Trump and the Republicans would love to get rid of trade unions. The U.S. Right-to-Work laws and the continued attacks by Republicans on raising the federal minimum wage are proof of that.

1933, Jul 14

The Nazi Party (NSDAP) was declared the only legal political party in Germany.

In the United States, there are significant obstacles to any party other than the top two emerging. Both parties of the duopoly cater to their major donors.

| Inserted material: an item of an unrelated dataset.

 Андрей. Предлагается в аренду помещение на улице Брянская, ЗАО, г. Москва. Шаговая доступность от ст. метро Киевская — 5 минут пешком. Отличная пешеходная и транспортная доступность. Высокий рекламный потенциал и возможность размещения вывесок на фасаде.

Efforts to take the money out of politics have failed.

1933, Oct 19

Germany leaves the League
Germany leaves the League

Germany withdrew from the League of Nations.

Donald Trump has been severly critical of both the United Nations and NATO. He attacked the U.N. over membership dues. He refused to reaffirm the U.S. commitment to NATO Article 5 that ensures Collective Defense. This jeopardized the U.S. relationship with its traditional allies. If a NATO member country has military conflict with Russia, which will the Trump Administration support?

1934, Jun 30

Night of the Long Knives - Although it's referred to as a night, this lasted until July 2. Hitler had his political opponents and members of the Brownshirts murdered. The Brownshirts were the main paramilitary wing of the Nazi party.

In the U.S., political parties do not have their own paramilitary organizations. However, the Secret Service provides protection for the president, vice-president, and their families. Trump has been in constant conflict with the FBI, CIA, and all the other intelligence agencies. He's had conflict with the military, claiming that he's smarter than the generals. Who would be surprised if Trump were to appoint Erik Prince to be the Chairman of the Joint Chiefs of Staff?

1934, Aug 2

Von Hindenburg dies
Von Hindenburg dies

President Paul von Hindenburg died. Hitler abolished the Presidency and merged its powers with the Chancellor. He made himself the sole leader of Germany.

1935, Sep 15

Passage of the Nuremberg Laws deprived Jews of German citizenship.

Which groups would Trump take citizenship away from if he could? Likely targets are Muslims, but would it stop there?

1938, Sep 15

Reichstag fire

Kristallnacht (Night of Broken Glass). This was an attack on Jews and their businesses conducted by the Sturmabteilung–the Nazi party's paramilitary wing. The German authorities looked on without intervening. While the focus of Kristallnacht was on Jews, Hitlers enemies included communists, rival political parties, homosexuals, and other people he considered social misfits. Studies have shown that most German citizens were appalled by and disapproved of Kristallnacht.

The similarities between Kristallnacht and the January 6, 2021 attack on the U.S. capitol (Insurrection Day) are:

  1. The Republican Party has no official paramilitary wing. However, Trump has deputized‑by‑tweet a civilian army to act as his paramilitary arm, similar to Hitler's Brownshirts.
  2. Hitler's political party and Trump's political party largely supported their actions, with many Republican Congressmen continuing to support Trump after the attack on the capitol.

  3. It's clear that some U.S. authorities did little to prevent the attack–similar to how German authorities stood by and did nothing about Kristallnacht.
  4. Most Americans are appalled by the attack on the U.S. capitol just as many Germans were appalled over Kristallnacht.

1949, Oct 2

Logo of Socialist Reich Party
Logo of Socialist Reich Party

The Socialist Reich Party was created. It was a neo-Nazi party in Germany whose platform was to deny the Holocaust, to claim that concentration camps were fake, that it was the United States that built the ovens at the Dachau concentration camp after the War, that films of concentartion camps were fake, that Germany reannex its eastern territories lost during the war, and to find a solution to the Jewish question. Germany banned this party in 1952.

The Socialist Reich Party claims that the Holocaust and concentration camps were fake sounds just like the Trump administration (and, by association, the Republican Party) claims of fake news.